Include a research proposal

A proposal shows you are serious and allows the potential supervisor to get a more complete picture of your proposed project and abilities. Again, a PhD is your once-in-life project, it is up to you to define its focus and limits. At a bare minimum, you need to include an abstract, along with a ‘if you’re interested I can send you full proposal’ line.

Make sure your proposal follows basic academic norms

My institution provides some generic guidance on preparing a research proposal Here and Here. You need to show that you understand what is required to when proposing research. Ironically, in a PhD proposal you are not committing to doing a specific research project.
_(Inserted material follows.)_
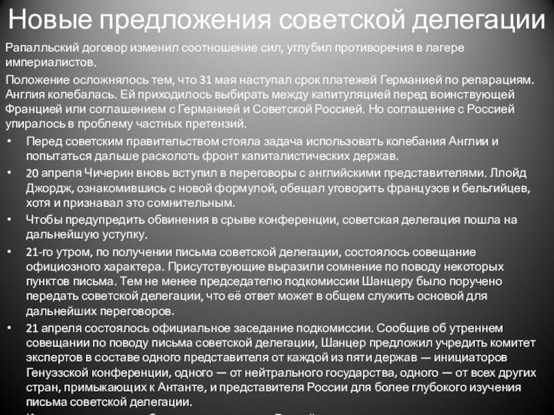 установить мир. Он подчеркнул, что экономическое восстановление России как крупнейшей державы, обладающей неисчислимыми запасами природных богатств, является непременным условием всеобщего экономического восстановления. Советская делегация принимает к сведению и признаёт в принципе положения каннской резолюции, сохраняя, однако, за собой право внесения в неё как поправок, так и дополнительных пунктов. Вместе с тем Чичерин отметил, что все попытки восстановления хозяйства будут возможны, если не будет угрозы войны. Установление такого всеобщего мира может быть осуществлено всемирным конгрессом.

Most PhD projects change in the course of their first year and a more complete proposal is required to graduate the first year. Instead, you are showing that you know how to do a research project. Supervisors are looking to see that you understand academic norms and will be a strong student. Committing to supervising a PhD student presents risk for supervisors too. A weak student can consume an enormous amount of time for support over more than 3 years they take to complete their project. So, potential supervisors are looking to see that you have what it takes – the proposal is the main way we judge this. (WARNING - if the student does not actually improve the proposal using feedback provided, that is a RED FLAG for me – Acting upon feedback will basically be the basis of our relationship for more than 3 years. Get into the habit of responding to feedback now.)

Keep your proposal short

Concision is key. The generic guidance says on average 1500 words. You have lots to cover in a proposal so you’ll need to boil the literature down to it’s essentials, covering only what is relevant to your project (while showing you are aware that the rest is there). For a 2000 word proposal I’d recommend a structure that is something the like this:

  1. Abstract (150w)

  2. Literature review (1200w – which usually means 3 paragraphs on the main elements of your conceptual framework and 1 on the proposed case)

  3. Research questions (100w)

  4. Methods (500w)

  5. Work plan and outcomes (100w table)

  6. References (not included in word count)

In order to secure funding your proposal needs to be sharp. The competition is strong and you need to stand out. If I am interested in in your proposal I will help you improve it, but we can speed things along by avoiding some of the more common mistakes such as:

  1. Abstract – not including one, not summarising your research in the first sentence, not summarising your main concepts, questions and methods, not making a case for why your research is important (why it should be funded) in the abstract.

  2. Literature review – not narrowing down quickly on the most relevant ideas and literature and spending lots of time on broad basic points, not highlighting gaps in the literature, not defining key concepts, not following a clear structure (easiest is broad to narrow), not using topic sentences, separating the ‘literature review’ and your ‘conceptual framework’ (you don’t have the time/space for this), detailing the case more than you detail the conceptual framework used to analyse it.

  3. Research questions – not including them (these are the pivot on which the whole proposal turns), not making sure they are focussed and specific (basically, the narrower, the better), not using analytical language developed in the literature review, not clearly linking to the problems and concepts laid out in the literature review.

  4. Methods – not citing the academic literature on your chosen methods, not linking the methods to the research questions, spending lots of time on questions of ontology and epistemology, not providing detail on what data will be collected – how it will be collected and how it will be analysed, thinking that you have to include a quantitative element to be ‘rigourous’,

  5. General – not writing in full sentences, not using proper English, not having someone proof read your proposal, not keeping the proposal short, not making sure there are clear links between the literature – questions – methods, not citing clearly and fully.